§ REQUIREMENT:
Within the entries below, output exactly the lines between the line containing "فله تمام الجعل، ولا" and the line containing "大公文匯全媒體記者李陽波西安", inclusive, and omit any picture.

§ SOURCE MATERIAL:
━━━━━━━━━━

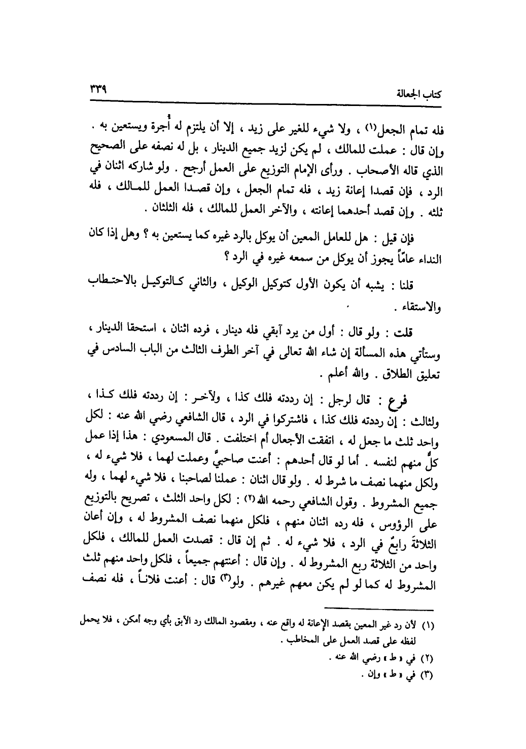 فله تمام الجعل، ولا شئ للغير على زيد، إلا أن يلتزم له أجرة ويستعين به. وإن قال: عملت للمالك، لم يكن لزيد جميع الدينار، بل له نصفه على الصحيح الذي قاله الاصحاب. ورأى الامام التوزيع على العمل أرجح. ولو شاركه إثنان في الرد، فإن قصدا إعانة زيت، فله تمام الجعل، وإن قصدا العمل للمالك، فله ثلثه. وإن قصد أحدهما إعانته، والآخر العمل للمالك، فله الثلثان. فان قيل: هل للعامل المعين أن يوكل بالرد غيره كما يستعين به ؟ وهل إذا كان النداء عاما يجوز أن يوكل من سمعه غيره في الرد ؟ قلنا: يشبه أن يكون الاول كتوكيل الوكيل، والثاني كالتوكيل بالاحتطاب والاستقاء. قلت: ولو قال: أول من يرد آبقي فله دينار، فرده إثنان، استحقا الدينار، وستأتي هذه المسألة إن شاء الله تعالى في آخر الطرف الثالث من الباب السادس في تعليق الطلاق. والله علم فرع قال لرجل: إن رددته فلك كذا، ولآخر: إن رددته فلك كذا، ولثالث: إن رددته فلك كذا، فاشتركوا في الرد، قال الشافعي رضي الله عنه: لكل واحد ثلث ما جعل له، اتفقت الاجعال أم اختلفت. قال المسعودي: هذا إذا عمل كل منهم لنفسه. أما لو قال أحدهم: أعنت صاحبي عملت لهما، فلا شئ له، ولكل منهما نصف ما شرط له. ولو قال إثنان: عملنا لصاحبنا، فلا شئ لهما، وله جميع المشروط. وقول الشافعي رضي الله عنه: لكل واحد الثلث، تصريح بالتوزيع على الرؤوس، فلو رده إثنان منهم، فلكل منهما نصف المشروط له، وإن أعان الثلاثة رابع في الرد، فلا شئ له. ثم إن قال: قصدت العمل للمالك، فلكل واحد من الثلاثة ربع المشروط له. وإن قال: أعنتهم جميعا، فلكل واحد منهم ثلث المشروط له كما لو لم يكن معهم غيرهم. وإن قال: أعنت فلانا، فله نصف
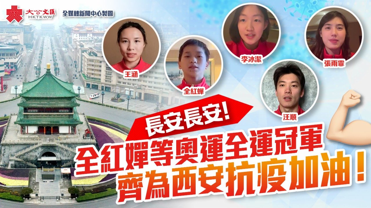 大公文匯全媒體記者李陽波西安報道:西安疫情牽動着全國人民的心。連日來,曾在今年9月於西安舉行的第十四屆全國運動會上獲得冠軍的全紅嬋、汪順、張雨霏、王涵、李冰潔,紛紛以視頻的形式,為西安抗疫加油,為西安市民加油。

━━━━━━━━━━

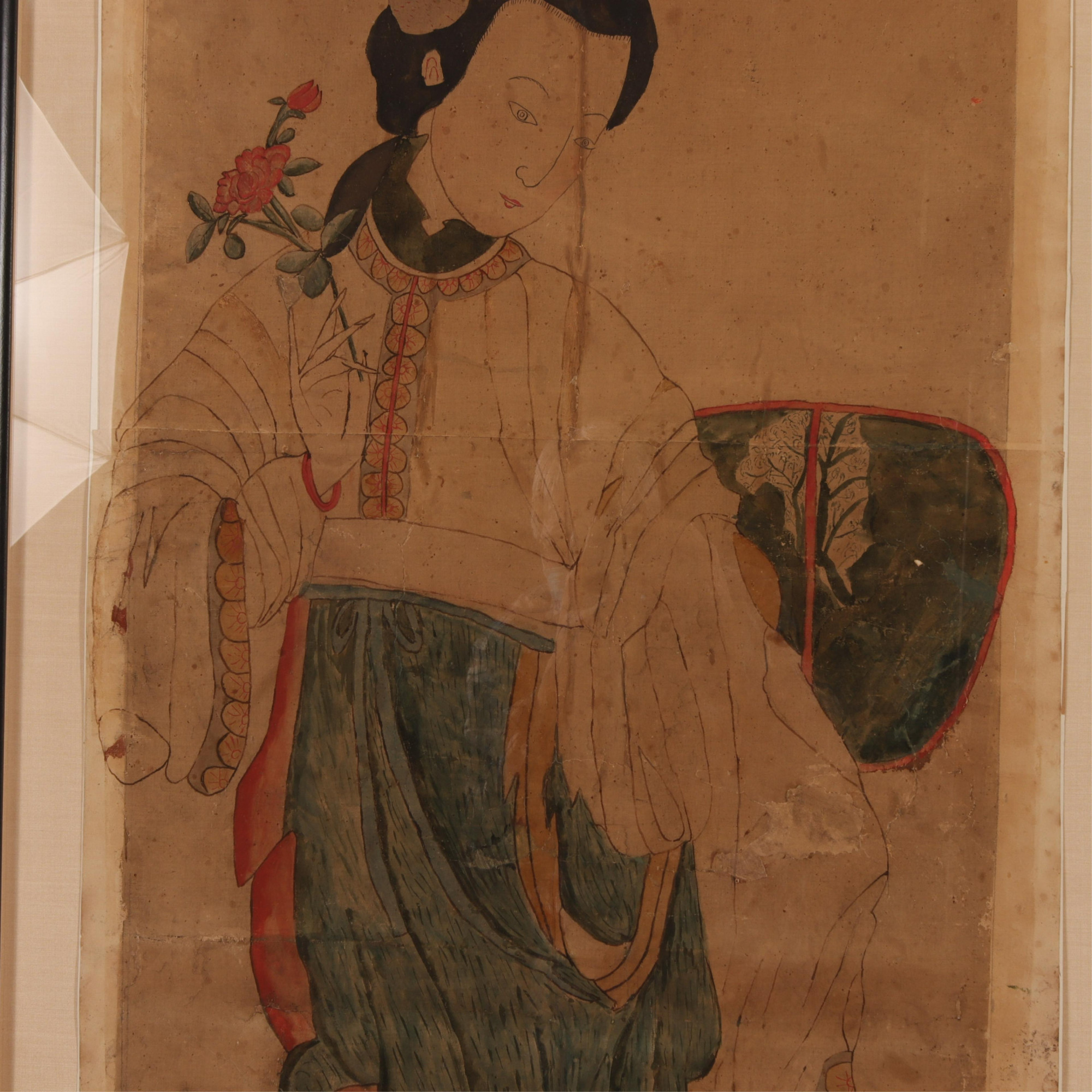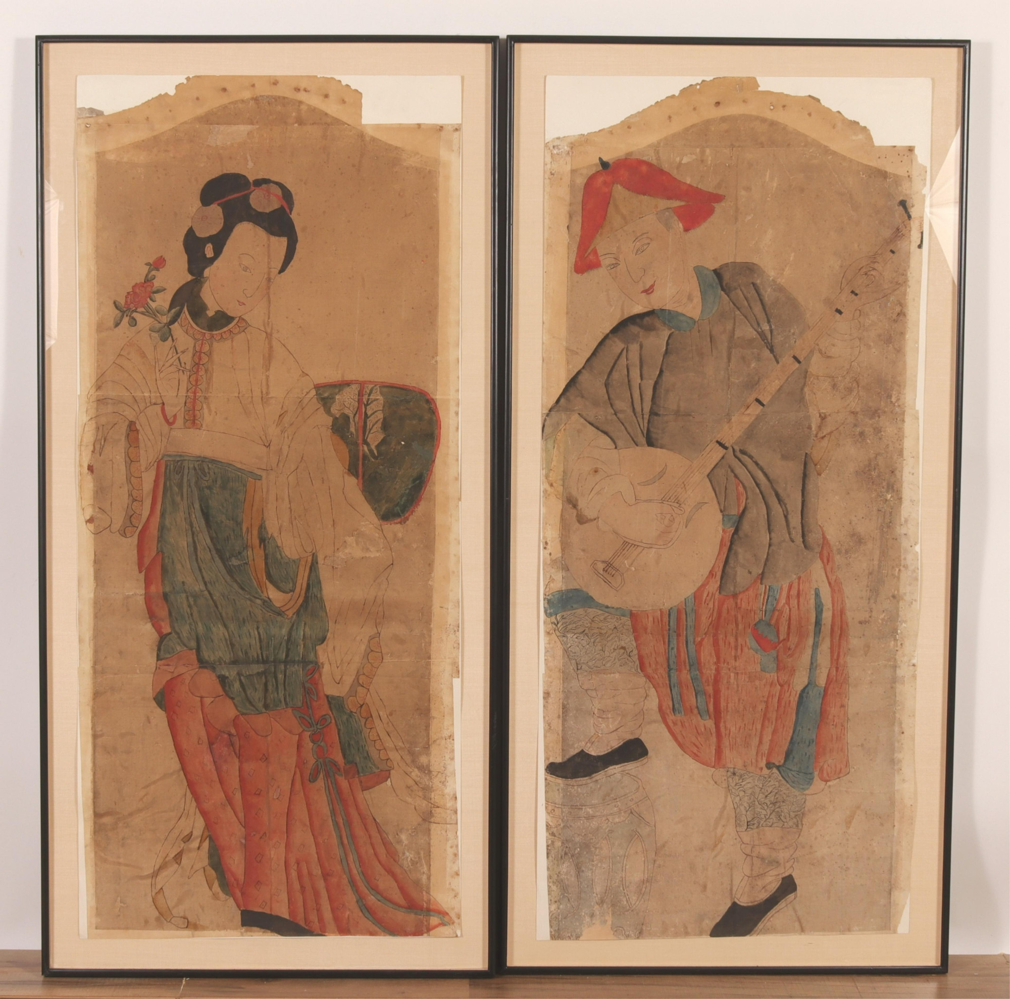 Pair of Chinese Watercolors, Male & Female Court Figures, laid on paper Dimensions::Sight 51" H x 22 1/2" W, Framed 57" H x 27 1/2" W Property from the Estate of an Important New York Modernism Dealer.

━━━━━━━━━━

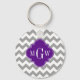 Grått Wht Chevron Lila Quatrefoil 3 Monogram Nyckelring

━━━━━━━━━━

§ SOLUTION FOR THIS TASK:
 فله تمام الجعل، ولا شئ للغير على زيد، إلا أن يلتزم له أجرة ويستعين به. وإن قال: عملت للمالك، لم يكن لزيد جميع الدينار، بل له نصفه على الصحيح الذي قاله الاصحاب. ورأى الامام التوزيع على العمل أرجح. ولو شاركه إثنان في الرد، فإن قصدا إعانة زيت، فله تمام الجعل، وإن قصدا العمل للمالك، فله ثلثه. وإن قصد أحدهما إعانته، والآخر العمل للمالك، فله الثلثان. فان قيل: هل للعامل المعين أن يوكل بالرد غيره كما يستعين به ؟ وهل إذا كان النداء عاما يجوز أن يوكل من سمعه غيره في الرد ؟ قلنا: يشبه أن يكون الاول كتوكيل الوكيل، والثاني كالتوكيل بالاحتطاب والاستقاء. قلت: ولو قال: أول من يرد آبقي فله دينار، فرده إثنان، استحقا الدينار، وستأتي هذه المسألة إن شاء الله تعالى في آخر الطرف الثالث من الباب السادس في تعليق الطلاق. والله علم فرع قال لرجل: إن رددته فلك كذا، ولآخر: إن رددته فلك كذا، ولثالث: إن رددته فلك كذا، فاشتركوا في الرد، قال الشافعي رضي الله عنه: لكل واحد ثلث ما جعل له، اتفقت الاجعال أم اختلفت. قال المسعودي: هذا إذا عمل كل منهم لنفسه. أما لو قال أحدهم: أعنت صاحبي عملت لهما، فلا شئ له، ولكل منهما نصف ما شرط له. ولو قال إثنان: عملنا لصاحبنا، فلا شئ لهما، وله جميع المشروط. وقول الشافعي رضي الله عنه: لكل واحد الثلث، تصريح بالتوزيع على الرؤوس، فلو رده إثنان منهم، فلكل منهما نصف المشروط له، وإن أعان الثلاثة رابع في الرد، فلا شئ له. ثم إن قال: قصدت العمل للمالك، فلكل واحد من الثلاثة ربع المشروط له. وإن قال: أعنتهم جميعا، فلكل واحد منهم ثلث المشروط له كما لو لم يكن معهم غيرهم. وإن قال: أعنت فلانا، فله نصف
 大公文匯全媒體記者李陽波西安報道:西安疫情牽動着全國人民的心。連日來,曾在今年9月於西安舉行的第十四屆全國運動會上獲得冠軍的全紅嬋、汪順、張雨霏、王涵、李冰潔,紛紛以視頻的形式,為西安抗疫加油,為西安市民加油。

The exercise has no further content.